The nucleus is bound by a complex nuclear membrane, often called the nuclear envelope, that consists of two distinct lipid bilayers that are contiguous with each other (Figure \(\PageIndex{4}\)). Despite these connections between the inner and outer membranes, each membrane contains unique lipids and proteins on its inner and outer surfaces. The nuclear envelope contains nuclear pores, which are large, rosette-shaped protein complexes that control the movement of materials into and out of the nucleus. The overall shape of the nucleus is determined by the nuclear lamina, a meshwork of intermediate filaments found just inside the nuclear envelope membranes. Outside the nucleus, additional intermediate filaments form a looser mesh and serve to anchor the nucleus in position within the cell.

A micrograph showing an oval cell with a large oval nucleus. The nucleus is red with a bright green outline labeled nuclear lamina. Green lines criss-cross the rest of the cell outside the nucleus. — Figure \(\PageIndex{4}\): In this fluorescent microscope image, all the intermediate filaments have been stained with a bright green fluorescent stain. The nuclear lamina is the intense bright green ring around the faint red nuclei.

Nucleolus

The nucleolus is a dense region within the nucleus where ribosomal RNA (rRNA) biosynthesis occurs. In addition, the nucleolus is also the site where assembly of ribosomes begins. Preribosomal complexes are assembled from rRNA and proteins in the nucleolus; they are then transported out to the cytoplasm, where ribosome assembly is completed (Figure \(\PageIndex{5}\)).

Query \(\PageIndex{1}\)

Ribosomes

Ribosomes found in eukaryotic organelles such as mitochondria or chloroplasts have 70S ribosomes—the same size as prokaryotic ribosomes. However, nonorganelle-associated ribosomes in eukaryotic cells are 80S ribosomes, composed of a 40S small subunit and a 60S large subunit. In terms of size and composition, this makes them distinct from the ribosomes of prokaryotic cells.
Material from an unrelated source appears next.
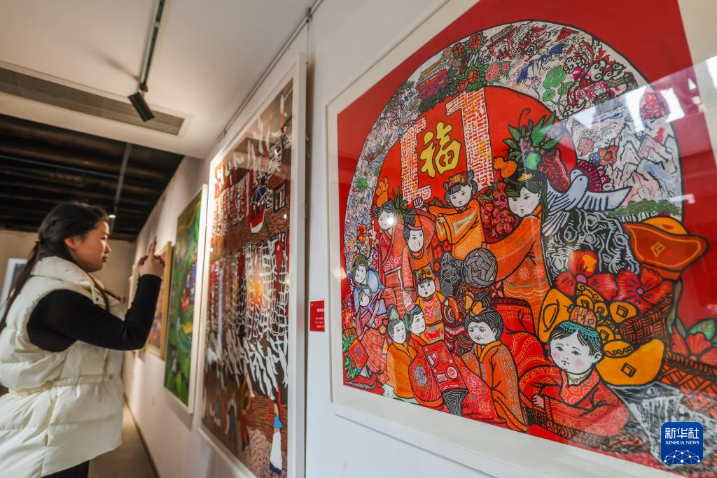 1月23日,游客在湖州吴兴的小西街西岸美术馆观赏年画美术作品。

The two types of nonorganelle-associated eukaryotic ribosomes are defined by their location in the cell: free ribosomes and membrane-bound ribosomes. Free ribosomes are found in the cytoplasm and serve to synthesize water-soluble proteins; membrane-bound ribosomes are found attached to the rough endoplasmic reticulum and make proteins for insertion into the cell membrane or proteins destined for export from the cell.
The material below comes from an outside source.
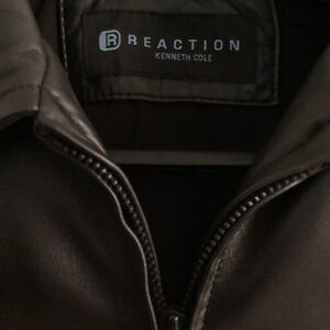 Kenneth Cole Reaction Black leather jacket in men’s size small worn just a couple of times with no flaws seen in the leather. Has two outside pockets and one inside plus a leather snap pocket. The approximate measurements are 29” long measured from top of collar to bottom of jacket and sleeve length is approx 25”.

The differences between eukaryotic and prokaryotic ribosomes are clinically relevant because certain antibiotic drugs are designed to target one or the other. For example, cycloheximide targets eukaryotic action, whereas chloramphenicol targets prokaryotic ribosomes.¹ Since human cells are eukaryotic, they generally are not harmed by antibiotics that destroy the prokaryotic ribosomes in bacteria. However, sometimes negative side effects may occur because mitochondria in human cells contain prokaryotic ribosomes.

Query \(\PageIndex{1}\)

Endomembrane System

The endomembrane system, unique to eukaryotic cells, is a series of membranous tubules, sacs, and flattened disks that synthesize many cell components and move materials around within the cell (Figure \(\PageIndex{6}\)). Because of their larger cell size, eukaryotic cells require this system to transport materials that cannot be dispersed by diffusion alone. The endomembrane system comprises several organelles and connections between them, including the endoplasmic reticulum, Golgi apparatus, lysosomes, and vesicles.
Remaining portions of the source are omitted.